Tetragonal CuO : suppression of nearest-neighbor correlations in a strongly correlated material

Since tetragonal CuO (t-CuO) is composed of well separated 2D CuO planes [1] it appears as an ideal candidate to connect model calculations with real materials in the quest of understanding the nature of high-temperature superconductivity. We investigate the low-energy electronic properties of t-CuO by means of Cellular Dynamical Mean Field Theory [2, 3] using a 2D Hubbard model. From experiment it was proposed that single layers of t-CuO can be viewed as two weakly interconnected sublattices [4, 5]. Our calculations support this assumption: we find a suppression of the nearest-neighbor (NN) correlations for the benefit of the next-NN ones.
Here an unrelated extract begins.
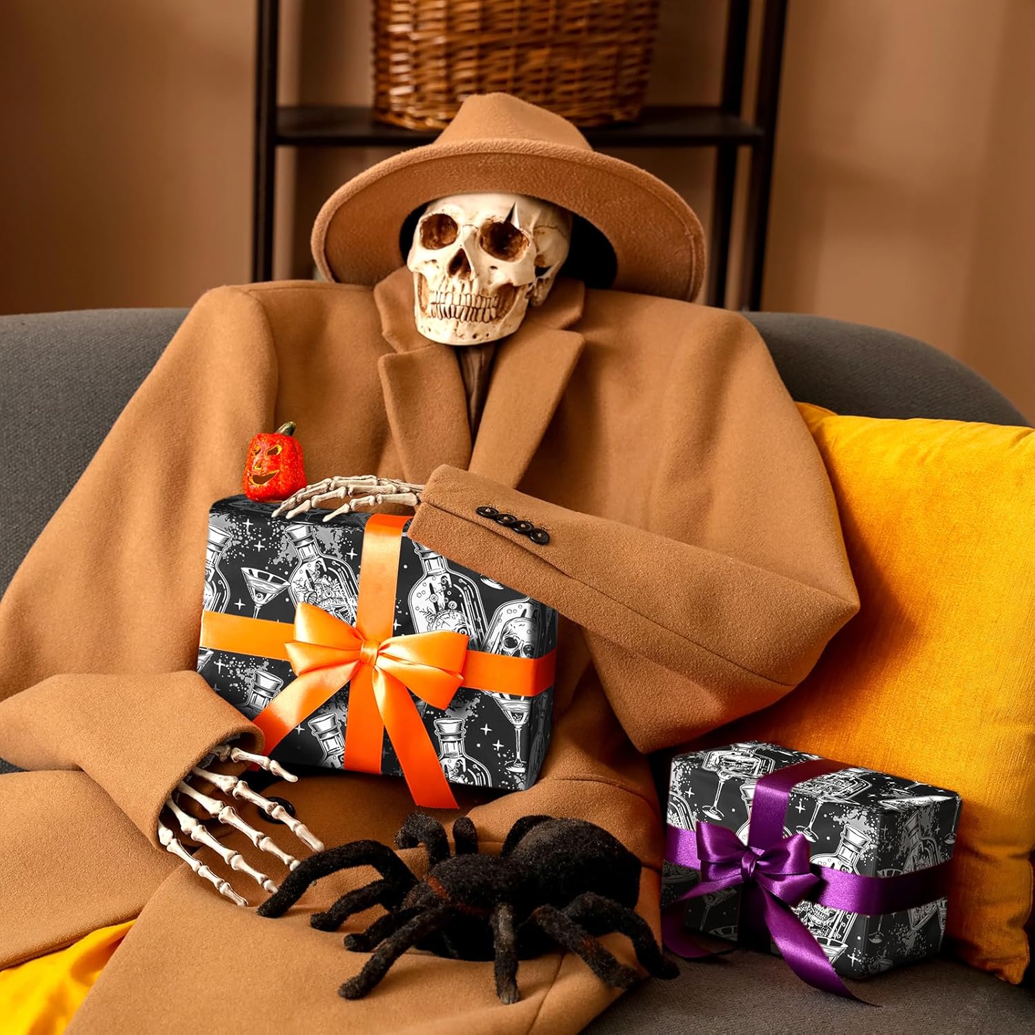 - Mini Roll Size: Measures 17 inches wide by 16.4 feet long—ideal for spooky gifts, Halloween favors, and gothic party packaging.

The calculated spectral function is in remarkable agreement with photoemission experiments [5], showing that a one-band model is sufficient to capture the low-energy physics of t-CuO. Finally, we study the transition from paramagnetic to antiferromagnetic phase at finite temperature and elucidate the nature of the insulating regime in both phases.

1. W. Siemons et al, PRB 79(19):195122, 2009

2. G. Kotliar et al, PRL 97:186401, 2001

3. T. Maier et al, Rev. Mod. Phys. 87:186401, 2005

4. S. Moser et al, PRL 113:187001, 2014

5. S. Moser et al, PRB 98:140404, 2015